Die Buchstaben verschwammen, das Blatt in ihrer Hand zitterte. Sie legte es rasch zurück.

Ihr Vater stellte die zwei Portionen Spiegelei auf den Tisch und goss Kaffee ein.

»Wieso bist du schon so früh auf den Beinen?«, wollte Anna wissen.

»Wahlkampf. Termine im Wahlkreis.«

»Überanstreng dich nicht.«

»Hör auf, Anna. Du hast selbst gesagt, ich bin kein alter Mann.«

»Allein die weite Strecke im Berufsverkehr.«

»Sven wird mich fahren.«

»Warum muss dein Wahlkreis im Ruhrgebiet liegen und nicht hier im Kreis Neuss oder in Düsseldorf?«

»Ich stamme von dort. Du weißt, dass die Leute so etwas schätzen. Wetten, dass ich bei den Erststimmen keine Einbußen davontragen werde?«

»Es ist ja nur, weil du einen Infarkt hattest. Du solltest das Warnsignal beherzigen.«

»Ich will jetzt nichts mehr davon hören.«

Eine Weile spachtelte der Abgeordnete still sein Frühstück. Dann sagte er: »Michael hatte keine Ahnung. Und ich möchte, dass das so bleibt. Die Geschichte mit Karin war nur eine …« Er suchte nach dem richtigen Wort.

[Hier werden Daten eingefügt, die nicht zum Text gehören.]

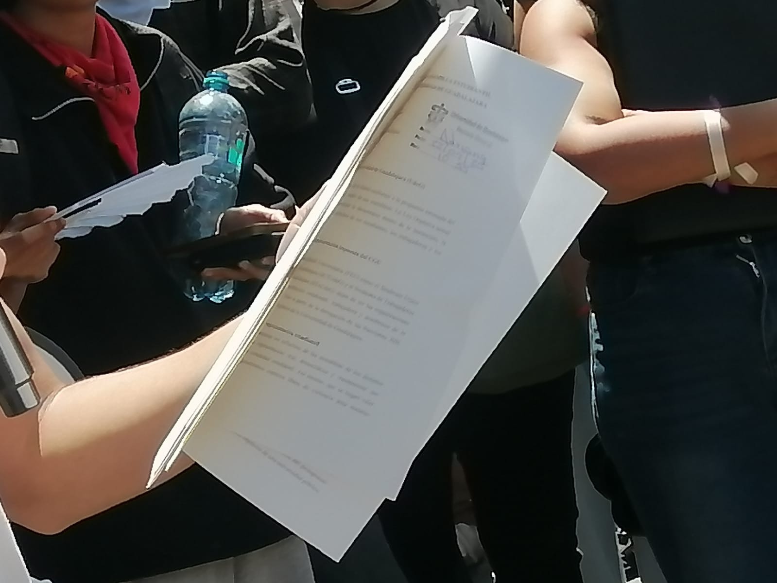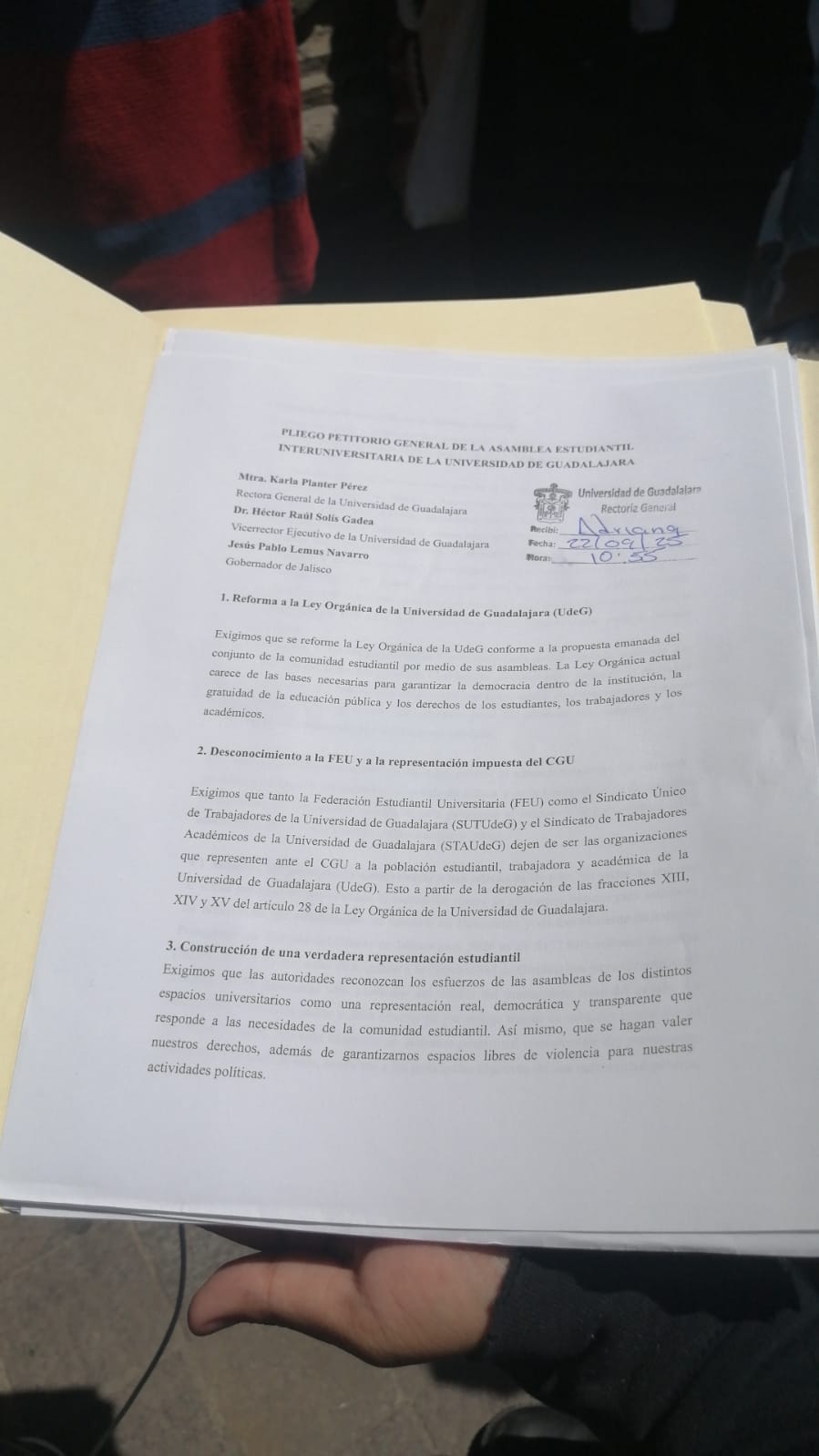 Ahí entregaron un pliego petitorio donde resumen sus demandas y piden la intervención del gobernador de Jalisco, Pablo Lemus, así como la de diputados en el Congreso de Jalisco, para que se lleve a cabo una reforma a la Ley Orgánica de esta casa de estudios y así se vean reflejadas sus peticiones. Dicen que el objetivo es para garantizar la democracia al interior de la casa de estudios.

Anna fragte: »Was hattet ihr bei Odenthals Vernehmung zu suchen, Michael und du?«

»Warum misstraust du mir plötzlich?«

»Hast du Odenthal zum Geständnis genötigt?«

»Du wirst allmählich wie deine Mutter.«

Er aß weiter. Anna stand auf. Wieder musste sie sich festhalten. Nur ein Rest von Noctumed in ihren Adern – nichts weiter.

»Was ist los?«, fragte er. »Keinen Appetit?«

»Sag, was habt ihr mit Odenthal gemacht?«

»Nichts.«

»Ich weiß nicht mehr, was ich dir glauben kann.«

»Hör zu, Anna, ich hab’s für Michael getan. Er hat gelitten wie ein Hund. Er hielt es nicht aus, dass der Mörder seines Sohnes die ganze Zeit leugnete. Michael brauchte Gewissheit, verstehst du?«

»Und dann habt ihr den Verdächtigen so lange bearbeitet, bis er alles zugab, was ihr hören wolltet.«

»Wir haben keine Gewalt angewandt, wenn du das meinst.«

Anna musste sich setzen.

Karins Aussage war falsch gewesen, das Geständnis ebenfalls. Damit stand und fiel das Urteil mit dem Alibi. Odenthals Mitbewohner hatte es widerrufen – nachdem sie, Anna, den pädophilen Lehrer bearbeitet hatte, bis er zugab, was sie hören wollte.

Ihr war, als würde sie in einen Abgrund fallen.